§ **Records for this exercise**:
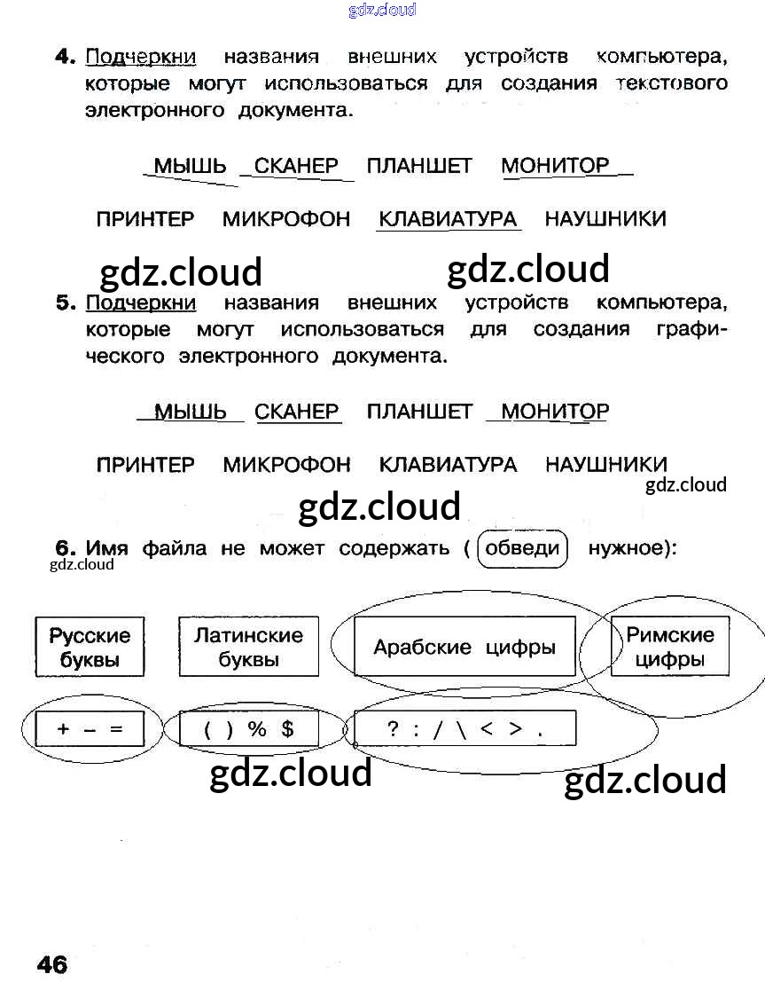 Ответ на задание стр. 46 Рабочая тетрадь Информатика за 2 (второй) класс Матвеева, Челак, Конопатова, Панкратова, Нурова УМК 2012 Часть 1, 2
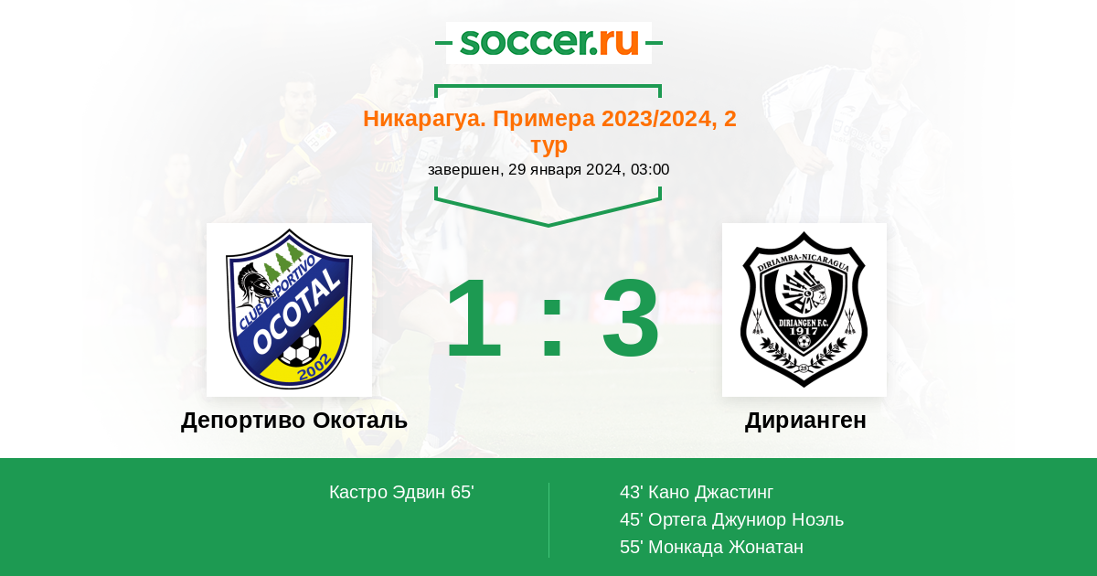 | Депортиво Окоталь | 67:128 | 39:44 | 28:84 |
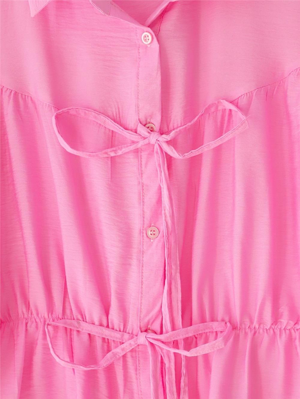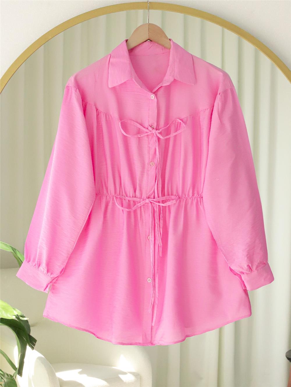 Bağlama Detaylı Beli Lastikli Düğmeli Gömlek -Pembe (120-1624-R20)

---

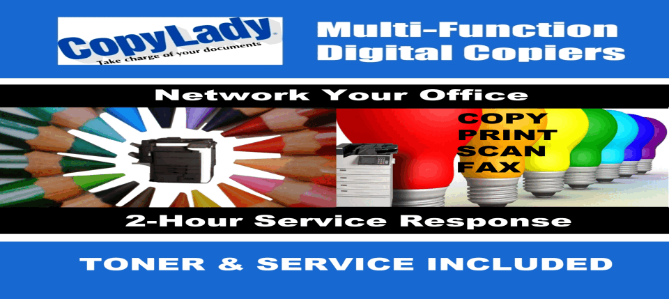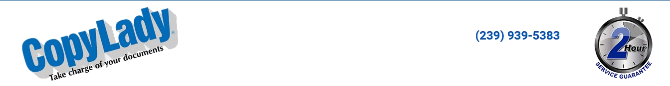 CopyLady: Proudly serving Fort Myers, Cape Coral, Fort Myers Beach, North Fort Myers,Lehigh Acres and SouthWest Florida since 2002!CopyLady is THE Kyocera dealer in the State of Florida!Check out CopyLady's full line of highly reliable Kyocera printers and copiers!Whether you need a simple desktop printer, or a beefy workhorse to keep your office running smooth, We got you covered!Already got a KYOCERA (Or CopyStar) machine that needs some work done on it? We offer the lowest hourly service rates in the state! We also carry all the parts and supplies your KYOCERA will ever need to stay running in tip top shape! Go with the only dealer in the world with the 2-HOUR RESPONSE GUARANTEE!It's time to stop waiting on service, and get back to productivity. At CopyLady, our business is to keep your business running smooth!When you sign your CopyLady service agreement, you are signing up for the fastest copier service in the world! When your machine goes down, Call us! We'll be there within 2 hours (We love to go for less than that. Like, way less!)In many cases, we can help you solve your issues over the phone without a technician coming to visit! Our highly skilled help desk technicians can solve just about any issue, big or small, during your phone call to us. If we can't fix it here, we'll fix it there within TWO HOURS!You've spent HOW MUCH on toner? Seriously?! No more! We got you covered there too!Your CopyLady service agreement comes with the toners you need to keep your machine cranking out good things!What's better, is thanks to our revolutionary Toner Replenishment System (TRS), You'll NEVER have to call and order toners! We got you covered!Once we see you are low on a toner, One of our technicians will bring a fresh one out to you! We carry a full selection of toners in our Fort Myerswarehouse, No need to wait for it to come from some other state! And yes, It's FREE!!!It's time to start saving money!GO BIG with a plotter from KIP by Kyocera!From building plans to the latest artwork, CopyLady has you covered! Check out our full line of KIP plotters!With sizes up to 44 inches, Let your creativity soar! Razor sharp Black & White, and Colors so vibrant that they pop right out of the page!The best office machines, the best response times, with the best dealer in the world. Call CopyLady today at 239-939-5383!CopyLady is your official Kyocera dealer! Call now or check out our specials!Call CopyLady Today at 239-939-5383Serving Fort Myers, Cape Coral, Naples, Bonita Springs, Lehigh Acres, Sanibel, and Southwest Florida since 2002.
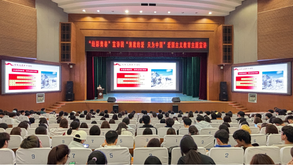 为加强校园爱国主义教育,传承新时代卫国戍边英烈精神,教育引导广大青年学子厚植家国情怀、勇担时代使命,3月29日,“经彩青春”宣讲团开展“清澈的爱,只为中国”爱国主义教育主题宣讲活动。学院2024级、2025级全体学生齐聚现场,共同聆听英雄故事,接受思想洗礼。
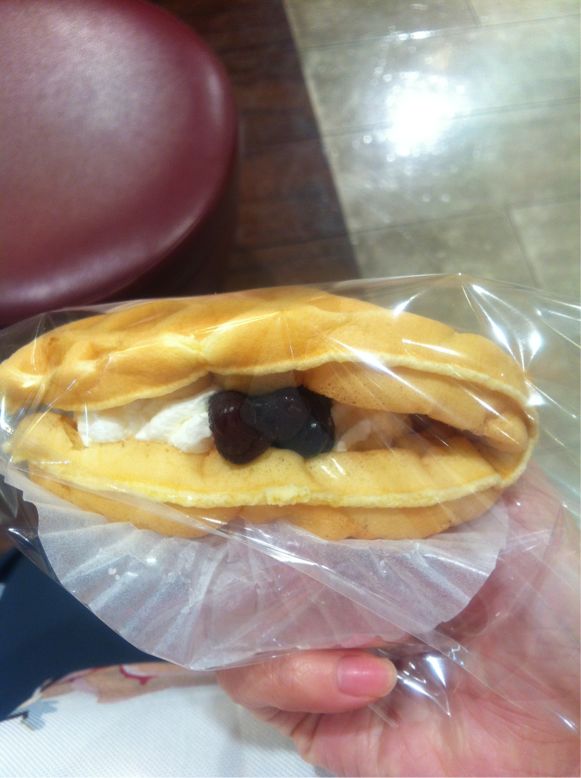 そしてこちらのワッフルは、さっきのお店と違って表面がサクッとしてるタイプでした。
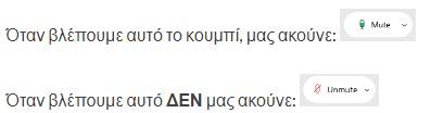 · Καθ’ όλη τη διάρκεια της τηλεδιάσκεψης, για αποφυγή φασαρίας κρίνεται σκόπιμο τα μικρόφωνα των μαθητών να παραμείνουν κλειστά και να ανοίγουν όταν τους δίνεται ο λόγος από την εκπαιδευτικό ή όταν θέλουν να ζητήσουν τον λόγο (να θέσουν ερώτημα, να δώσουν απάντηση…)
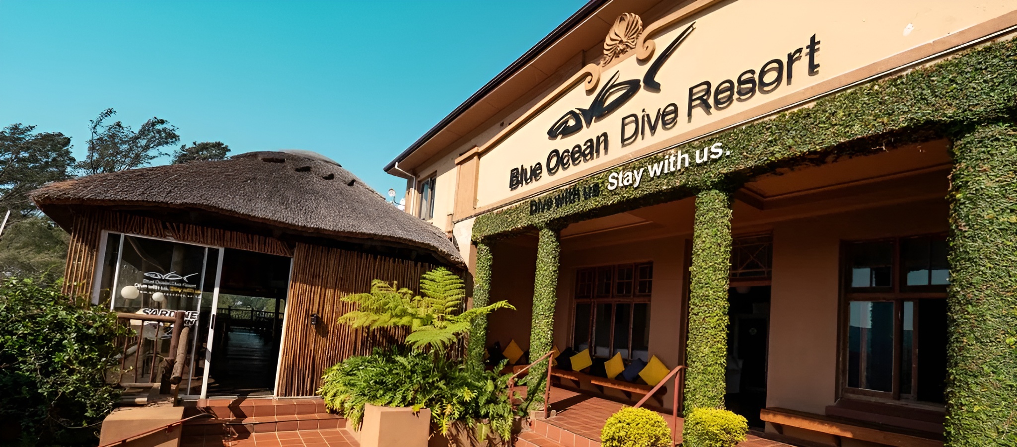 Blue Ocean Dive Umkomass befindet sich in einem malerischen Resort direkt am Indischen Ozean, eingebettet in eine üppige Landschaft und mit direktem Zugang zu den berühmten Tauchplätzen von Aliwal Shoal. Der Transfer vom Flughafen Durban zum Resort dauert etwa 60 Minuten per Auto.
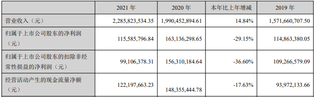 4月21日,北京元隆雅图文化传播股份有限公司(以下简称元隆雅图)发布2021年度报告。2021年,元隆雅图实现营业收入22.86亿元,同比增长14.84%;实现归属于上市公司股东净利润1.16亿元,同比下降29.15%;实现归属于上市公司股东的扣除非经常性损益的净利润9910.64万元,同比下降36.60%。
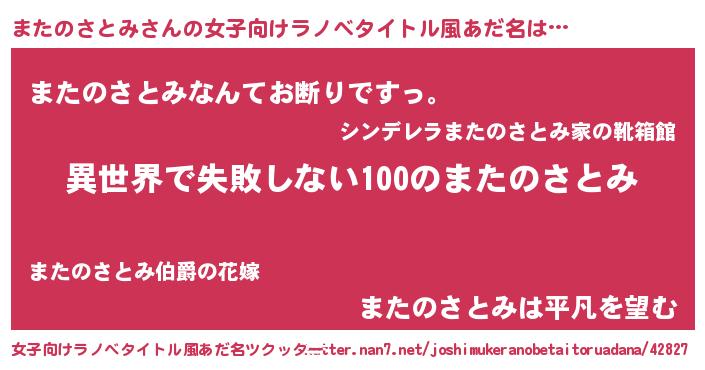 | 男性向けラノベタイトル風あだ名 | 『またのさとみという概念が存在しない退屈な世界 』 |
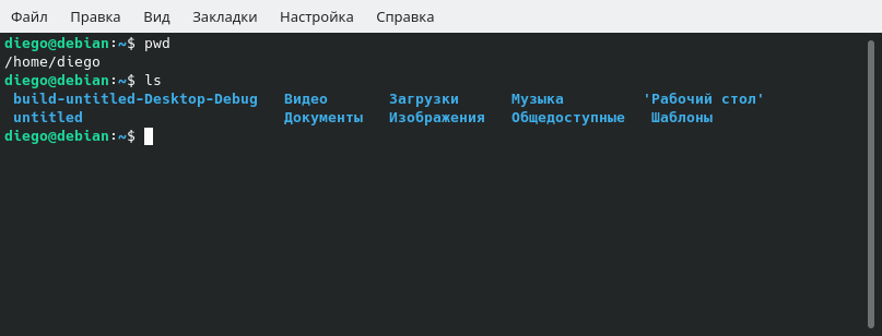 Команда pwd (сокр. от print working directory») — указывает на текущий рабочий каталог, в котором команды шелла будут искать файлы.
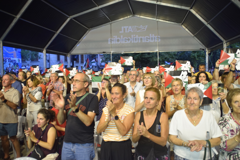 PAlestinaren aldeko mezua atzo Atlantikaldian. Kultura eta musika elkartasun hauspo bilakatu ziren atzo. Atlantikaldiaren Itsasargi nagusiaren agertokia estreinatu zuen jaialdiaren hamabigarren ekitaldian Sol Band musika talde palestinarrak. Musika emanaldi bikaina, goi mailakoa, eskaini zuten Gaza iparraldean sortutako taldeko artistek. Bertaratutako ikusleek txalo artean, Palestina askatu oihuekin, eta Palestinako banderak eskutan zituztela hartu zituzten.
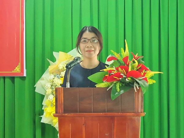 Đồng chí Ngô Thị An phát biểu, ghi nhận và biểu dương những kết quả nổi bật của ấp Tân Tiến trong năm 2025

...

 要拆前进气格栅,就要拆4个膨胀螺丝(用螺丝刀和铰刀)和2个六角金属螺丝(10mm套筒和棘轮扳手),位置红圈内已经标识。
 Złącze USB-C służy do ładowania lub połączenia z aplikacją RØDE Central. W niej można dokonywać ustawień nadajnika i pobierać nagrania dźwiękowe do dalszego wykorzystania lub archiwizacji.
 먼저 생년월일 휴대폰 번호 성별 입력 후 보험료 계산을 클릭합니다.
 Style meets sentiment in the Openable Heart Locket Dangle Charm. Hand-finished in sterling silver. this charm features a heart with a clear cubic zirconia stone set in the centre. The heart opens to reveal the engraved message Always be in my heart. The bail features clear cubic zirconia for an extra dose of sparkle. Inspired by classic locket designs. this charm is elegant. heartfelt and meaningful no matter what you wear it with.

§ **Task objective**: Copy only what lies between the line with "Ответ на задание" and the line with "Bağlama Detaylı Beli", those two lines included, exactly as given above; pictures stay out.

§ **Response to this exercise**:
 Ответ на задание стр. 46 Рабочая тетрадь Информатика за 2 (второй) класс Матвеева, Челак, Конопатова, Панкратова, Нурова УМК 2012 Часть 1, 2
 | Депортиво Окоталь | 67:128 | 39:44 | 28:84 |
 Bağlama Detaylı Beli Lastikli Düğmeli Gömlek -Pembe (120-1624-R20)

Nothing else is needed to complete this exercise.